Asked to further explain the role of tiny signaling phospholipids, Bone says: “Phosphoinositides are important for cellular processes such as cell migration and cell growth. The function of these lipids is often disrupted in human tumors that can progress into cancer.”

While there’s some existing research in this area, Bone says most studies target one aspect. “These lipids are made up of a head group and fatty acid tails. The majority of research has focused on the importance and function of the head group,” she says, adding: “This paper, however, examined the fatty acid tails, which is what makes a phosphoinositide a signalling lipid. We determined that the type of fatty acid molecules that can be attached to phosphoinositides is very important for the proper functioning of the whole lipid molecule.”

Human cells manipulated to detect the enzyme that adds  fatty acids onto phosphoinositides to identify its location within cells.
Human cells manipulated to detect the enzyme that adds fatty acids onto phosphoinositides to identify its location within cells.

Significantly, Bone developed a method to disrupt the function of an enzyme responsible for attaching the proper fatty acid onto phosphoinositides. She and her teammates then assessed the impact on phosphoinositide levels and cellular functions using biochemical and imaging methods. Ultimately, says Bone, “We have identified another mechanism of regulation of phosphoinositide lipids that may impact cancer research.”

Recently, her team’s findings were published in the journal, Molecular Biology of the Cell, in an article called “The acyltransferase LYCAT controls specific phosphoinositides and related membrane traffic.”

Nearing the end of her doctoral studies, Bone, who also currently serves as president of the Women in Science at Ryerson (WISR) group, is positive about her educational experience. “What I enjoyed most during my grad studies is the Ryerson community. Everyone is constantly supporting each other.”

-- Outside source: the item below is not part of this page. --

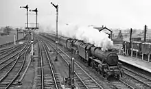 From the mid-1960s until 1998, it was served only by local stopping trains between Stafford and either Rugby or (from 1987) Coventry[1][2] – these were withdrawn in 2004 when work began to upgrade the main line to four tracks, with bus replacements operating until London Midland introduced the present semi-fast service between London Euston and Crewe via Stafford in 2008.

In the future, Bone says she hopes to continue her research work, hone her communication skills as a scientist and work to increase the visibility of science to the public.

Bone’s research was supported by numerous grants and awards including: an Ontario Early Researcher Award, a Canada Research Chair Award, NSERC Grant (to Dr. Botelho), a Ryerson Health Research Fund Award, an operating grant from the Canadian Institutes of Health Research (to Dr. Antonescu) and an Ontario Graduate Scholarship.